Since the beginning of time, people have craved community. It’s the basis of the human experience. It transcends time and borders, provides strength in times of weakness and creates unity in times of celebration.

History makes it easy to see how recreation within communities has been ingrained in human nature. It’s in our DNA. And in 21st century America, communities are rich tapestries of many people, places and ideas. Living in a society of modern, morally intelligent people, the social responsibility lies on the shoulders of everyone to ensure there is equal opportunity for every single person. 

That’s why it’s so important community recreation programming is built for everyone and rooted with equity for people of all abilities. Oftentimes an overlooked demographic — at 41.1 million strong — people with disabilities represent one of the largest minority groups in the U.S. Because this group is also at a higher risk for health-related conditions, and nearly half of adults with disabilities get no physical activity, it stands to reason they could also see the most impactful benefits from programs provided by their local community recreation departments.   

So the question remains, why wouldn’t programming be inclusive? In a 2018 report from the National Recreation and Park Association (NRPA) where agencies were surveyed on how they are currently meeting the needs of all members of their communities, results showed the biggest challenges were insufficient funding and inadequate staffing. Others reported a lack of support from the general public as well as local government leaders, while many felt their obstacles were insufficient training and a general lack of understanding of the community’s needs.

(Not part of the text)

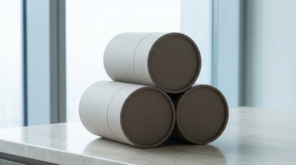 Cylinder tube packaging, pyramid of three boxes, matte warm grey finish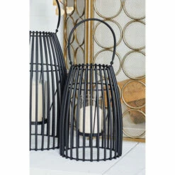 - Cleverly crafted, it flaunts an assemblage of vertical railings to hold a suspended candle holder

The solutions are not always simple, but they are attainable. A great way to understand how to better serve everyone in your community is to simply ask. Community-wide surveys are incredibly effective in providing a clear picture of who you are accommodating and how to increase participation by adjusting your programming accordingly. Funding and financing options are also available, and what is immediately available to you might depend on your area. Many organizations — like NRPA — offer grants for making your recreation areas more inclusive. Even the federal government offers tax incentives for efforts such as barrier removal. Many departments have had success partnering with other local entities such as schools, nonprofits, local law enforcement and healthcare services in fundraising efforts — another fun way to get people in your community involved. 

As the Americans with Disabilities Act celebrates its 32nd birthday, it’s important to reflect on all the milestones that have been achieved due to the persistence of so many who refused to back down. Simultaneously, it must be acknowledged we still have some time to go to create the long-deserved equity for the people of these communities. The journey to redefining community recreation cannot include a one-size-fits-all solution.